** WHAT TO PRODUCE **
Without including any images, repeat the listing below exactly.
SOURCE MATERIAL Block Start
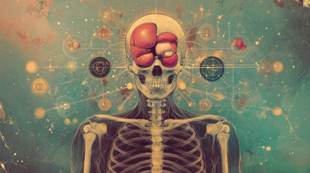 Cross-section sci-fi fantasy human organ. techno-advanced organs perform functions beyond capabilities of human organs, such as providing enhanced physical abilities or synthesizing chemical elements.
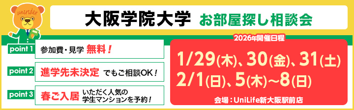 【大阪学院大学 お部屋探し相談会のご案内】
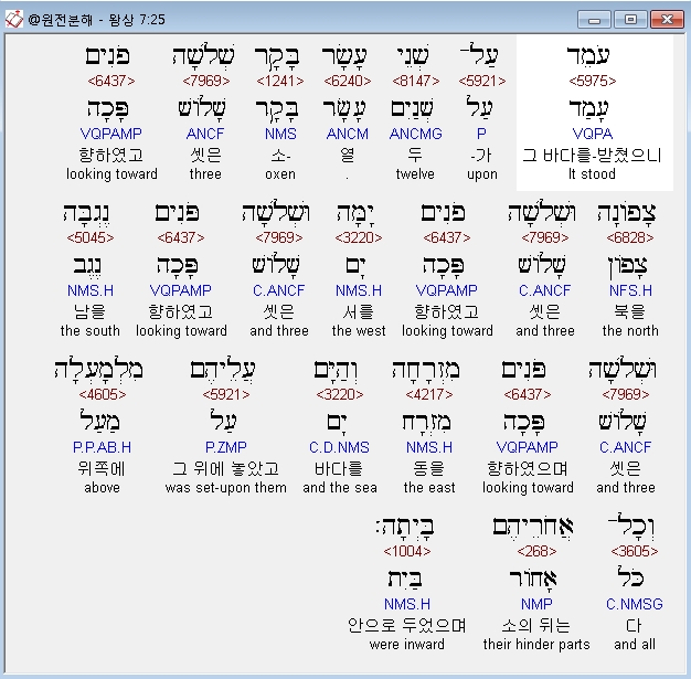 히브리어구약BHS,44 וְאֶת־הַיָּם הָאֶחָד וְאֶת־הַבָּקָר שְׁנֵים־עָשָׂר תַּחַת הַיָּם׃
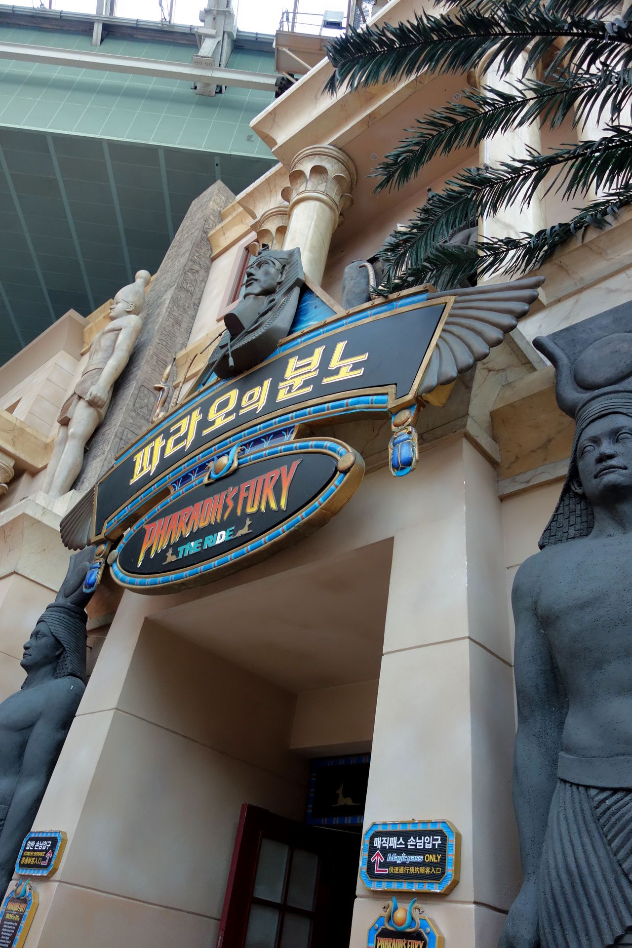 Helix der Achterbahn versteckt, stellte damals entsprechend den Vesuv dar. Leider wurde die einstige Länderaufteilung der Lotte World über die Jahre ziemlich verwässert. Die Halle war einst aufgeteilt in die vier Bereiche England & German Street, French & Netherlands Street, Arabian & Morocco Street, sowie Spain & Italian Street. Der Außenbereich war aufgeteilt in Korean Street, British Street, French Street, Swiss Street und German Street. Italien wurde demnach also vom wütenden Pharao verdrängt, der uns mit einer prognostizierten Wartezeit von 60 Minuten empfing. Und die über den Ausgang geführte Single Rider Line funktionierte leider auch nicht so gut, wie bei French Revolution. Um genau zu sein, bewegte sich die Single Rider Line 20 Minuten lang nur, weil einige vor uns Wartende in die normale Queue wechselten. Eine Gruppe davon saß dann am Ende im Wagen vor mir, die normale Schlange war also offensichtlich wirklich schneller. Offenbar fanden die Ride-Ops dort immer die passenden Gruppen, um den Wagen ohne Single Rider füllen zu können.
SOURCE MATERIAL Block End
** RESPONSE TO THE TASK **
 Cross-section sci-fi fantasy human organ. techno-advanced organs perform functions beyond capabilities of human organs, such as providing enhanced physical abilities or synthesizing chemical elements.
 【大阪学院大学 お部屋探し相談会のご案内】
 히브리어구약BHS,44 וְאֶת־הַיָּם הָאֶחָד וְאֶת־הַבָּקָר שְׁנֵים־עָשָׂר תַּחַת הַיָּם׃
 Helix der Achterbahn versteckt, stellte damals entsprechend den Vesuv dar. Leider wurde die einstige Länderaufteilung der Lotte World über die Jahre ziemlich verwässert. Die Halle war einst aufgeteilt in die vier Bereiche England & German Street, French & Netherlands Street, Arabian & Morocco Street, sowie Spain & Italian Street. Der Außenbereich war aufgeteilt in Korean Street, British Street, French Street, Swiss Street und German Street. Italien wurde demnach also vom wütenden Pharao verdrängt, der uns mit einer prognostizierten Wartezeit von 60 Minuten empfing. Und die über den Ausgang geführte Single Rider Line funktionierte leider auch nicht so gut, wie bei French Revolution. Um genau zu sein, bewegte sich die Single Rider Line 20 Minuten lang nur, weil einige vor uns Wartende in die normale Queue wechselten. Eine Gruppe davon saß dann am Ende im Wagen vor mir, die normale Schlange war also offensichtlich wirklich schneller. Offenbar fanden die Ride-Ops dort immer die passenden Gruppen, um den Wagen ohne Single Rider füllen zu können.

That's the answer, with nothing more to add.